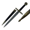 Combining eye-catching style with functional design, this historical dagger replica makes an excellent addition to any weapons collection. The Greenman Medieval Dagger features lovely ornamentation on its guard, pommel, and sheath. The medieval dagger has a round pommel that displays an eagle, winged lion and bird designs with abstract patterns along the guard, and foliate Greenman designs on the scabbard. The stainless steel dagger is made with a black nylon fiber handle and zinc alloy details. Whether you are looking for a display dagger or a weapon to accompany a medieval ensemble, this Greenman dagger makes a great choice!
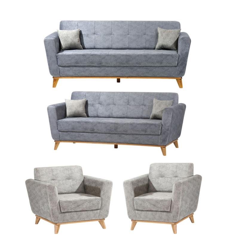 توجه!!!(قبل از ثبت سفارش لازم است بدانید که رنگ کاناپه های سه نفره و مبل تکنفره را میتوانید شما عزیزان با انتخاب رنگ و ثبت سفارش انتخاب کرده تا باهم ست شود.) مدل یک مبل راحتی 7 نفره . این کالا شامل یک عدد کاناپه 3 نفره و یک عدد کاناپه 2 نفره و دوعدد مبل 1 نفره میباشد.طراحی مینمال و ساده مدل در عین سادگی زیبایی بسیاری به منزل شما میبخشد چوب استفاده شده از جنس چوب نراد روس با کیفیت در پایه ها و دیزاین ظاهری مبل، کلاف چوب روس نراد خشک شده، اسفنج های 35 کیلویی ویژه برای نشیمن، اسفنج 30 کیلویی برای تکیه گاه و اسفنج 30 کیلویی برای دسته های مبلمان، باعث شده تا مدل عمر طولانی و راحتی فوق العاده ای را به شما هدیه دهد.. پایه های مبل از جنس چوب روسی برای دیزاین به کار برده شده، زیبایی خیره کننده و دو چندانی به مبل راحتی بخشیده است. هر دو کاناپه ، دارای فضای بسیار مناسب و کافی برای استراحت میباشد.دوخت بسیار با کیفیت و زیبا در کنار مغزی دوزی هایی که با ظرافت خاصی در همه جای این مدل به چشم میخورد، حاصل طراحی مدرن و خلاقانه ی طراحان مجموعه میباشد.یکی از مهمترین نکات در طراحی و تولید مدل ، طبی بودن تکیه گاه و نشیمن آن است به طوری که برای کسانی که مشکلات ستون فقرات دارند بسیار راحت و مناسب است. مبل یک محصول شیک و کلاسیک با طراحی زیبا و جذاب است که به آسانی میتواند جزو مبلمان مورد علاقه شما باشد. این مبل 7 نفره است و شامل دو کاناپه، دو تا مبل تک نفرهاست.پایههای این مبل کاملاً از چوب ضد رطوبت ساخته شدهاند و کلاف داخلی آن نیز از چوب روس نراد ساخته شده است. دو پایه در وسط کاناپه این محصول مجهز شده است تا ثبات بیشتری برای کاناپه ایجاد کنند. در کل، مبل یک محصول بسیار راحت و شیک است که میتواند تزئینی عالی برای منازل و اتاقهای مختلف باشد این ست مبلمان یک سرویس کامل بوده و برای خرید جهیزیه و زیبایی بیشتر دکوراسیون منزل شما پیشنهاد می شود
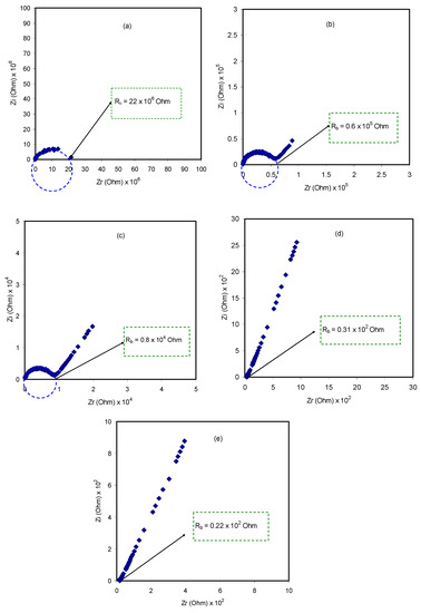 The impedance plot of the blended electrolyte samples at room temperature is presented in Figure 2. At the high frequency region, it can be clearly seen that there is an incomplete semicircle, whereas at the low frequency region, there is a spike shape appearance. The former appearance is attributed to the bulk responses, i.e., electrolyte, and the latter case is attributed to the capacitor formed at the double layer in the electrode/electrolyte interface region, owing to accumulation of free charges [47,48,49]. The diameter of the semicircular portion is reduced as the salt content increases. This implies that charge carriers, which are the ions, can move throughout the sample, considering the sample body as a resistor parallel to a constant phase element in the equivalent circuit model [49]. At low frequencies, the impedance plot response is expected to be a straight line, parallel to the imaginary axis. However, double layer capacitance causes the curvature as a consequence of the electrode polarization effect at the blocking electrodes [50,51,52]. To determine the DC conductivities (σdc), complex impedance (Z*) comprising the imaginary (Zi) and real (Zr) parts can be employed using the following relationship:
————
§ Work item
Every line of the listing above is to be repeated exactly, with its pictures left out.

§ Exercise result
 Combining eye-catching style with functional design, this historical dagger replica makes an excellent addition to any weapons collection. The Greenman Medieval Dagger features lovely ornamentation on its guard, pommel, and sheath. The medieval dagger has a round pommel that displays an eagle, winged lion and bird designs with abstract patterns along the guard, and foliate Greenman designs on the scabbard. The stainless steel dagger is made with a black nylon fiber handle and zinc alloy details. Whether you are looking for a display dagger or a weapon to accompany a medieval ensemble, this Greenman dagger makes a great choice!
 توجه!!!(قبل از ثبت سفارش لازم است بدانید که رنگ کاناپه های سه نفره و مبل تکنفره را میتوانید شما عزیزان با انتخاب رنگ و ثبت سفارش انتخاب کرده تا باهم ست شود.) مدل یک مبل راحتی 7 نفره . این کالا شامل یک عدد کاناپه 3 نفره و یک عدد کاناپه 2 نفره و دوعدد مبل 1 نفره میباشد.طراحی مینمال و ساده مدل در عین سادگی زیبایی بسیاری به منزل شما میبخشد چوب استفاده شده از جنس چوب نراد روس با کیفیت در پایه ها و دیزاین ظاهری مبل، کلاف چوب روس نراد خشک شده، اسفنج های 35 کیلویی ویژه برای نشیمن، اسفنج 30 کیلویی برای تکیه گاه و اسفنج 30 کیلویی برای دسته های مبلمان، باعث شده تا مدل عمر طولانی و راحتی فوق العاده ای را به شما هدیه دهد.. پایه های مبل از جنس چوب روسی برای دیزاین به کار برده شده، زیبایی خیره کننده و دو چندانی به مبل راحتی بخشیده است. هر دو کاناپه ، دارای فضای بسیار مناسب و کافی برای استراحت میباشد.دوخت بسیار با کیفیت و زیبا در کنار مغزی دوزی هایی که با ظرافت خاصی در همه جای این مدل به چشم میخورد، حاصل طراحی مدرن و خلاقانه ی طراحان مجموعه میباشد.یکی از مهمترین نکات در طراحی و تولید مدل ، طبی بودن تکیه گاه و نشیمن آن است به طوری که برای کسانی که مشکلات ستون فقرات دارند بسیار راحت و مناسب است. مبل یک محصول شیک و کلاسیک با طراحی زیبا و جذاب است که به آسانی میتواند جزو مبلمان مورد علاقه شما باشد. این مبل 7 نفره است و شامل دو کاناپه، دو تا مبل تک نفرهاست.پایههای این مبل کاملاً از چوب ضد رطوبت ساخته شدهاند و کلاف داخلی آن نیز از چوب روس نراد ساخته شده است. دو پایه در وسط کاناپه این محصول مجهز شده است تا ثبات بیشتری برای کاناپه ایجاد کنند. در کل، مبل یک محصول بسیار راحت و شیک است که میتواند تزئینی عالی برای منازل و اتاقهای مختلف باشد این ست مبلمان یک سرویس کامل بوده و برای خرید جهیزیه و زیبایی بیشتر دکوراسیون منزل شما پیشنهاد می شود
 The impedance plot of the blended electrolyte samples at room temperature is presented in Figure 2. At the high frequency region, it can be clearly seen that there is an incomplete semicircle, whereas at the low frequency region, there is a spike shape appearance. The former appearance is attributed to the bulk responses, i.e., electrolyte, and the latter case is attributed to the capacitor formed at the double layer in the electrode/electrolyte interface region, owing to accumulation of free charges [47,48,49]. The diameter of the semicircular portion is reduced as the salt content increases. This implies that charge carriers, which are the ions, can move throughout the sample, considering the sample body as a resistor parallel to a constant phase element in the equivalent circuit model [49]. At low frequencies, the impedance plot response is expected to be a straight line, parallel to the imaginary axis. However, double layer capacitance causes the curvature as a consequence of the electrode polarization effect at the blocking electrodes [50,51,52]. To determine the DC conductivities (σdc), complex impedance (Z*) comprising the imaginary (Zi) and real (Zr) parts can be employed using the following relationship:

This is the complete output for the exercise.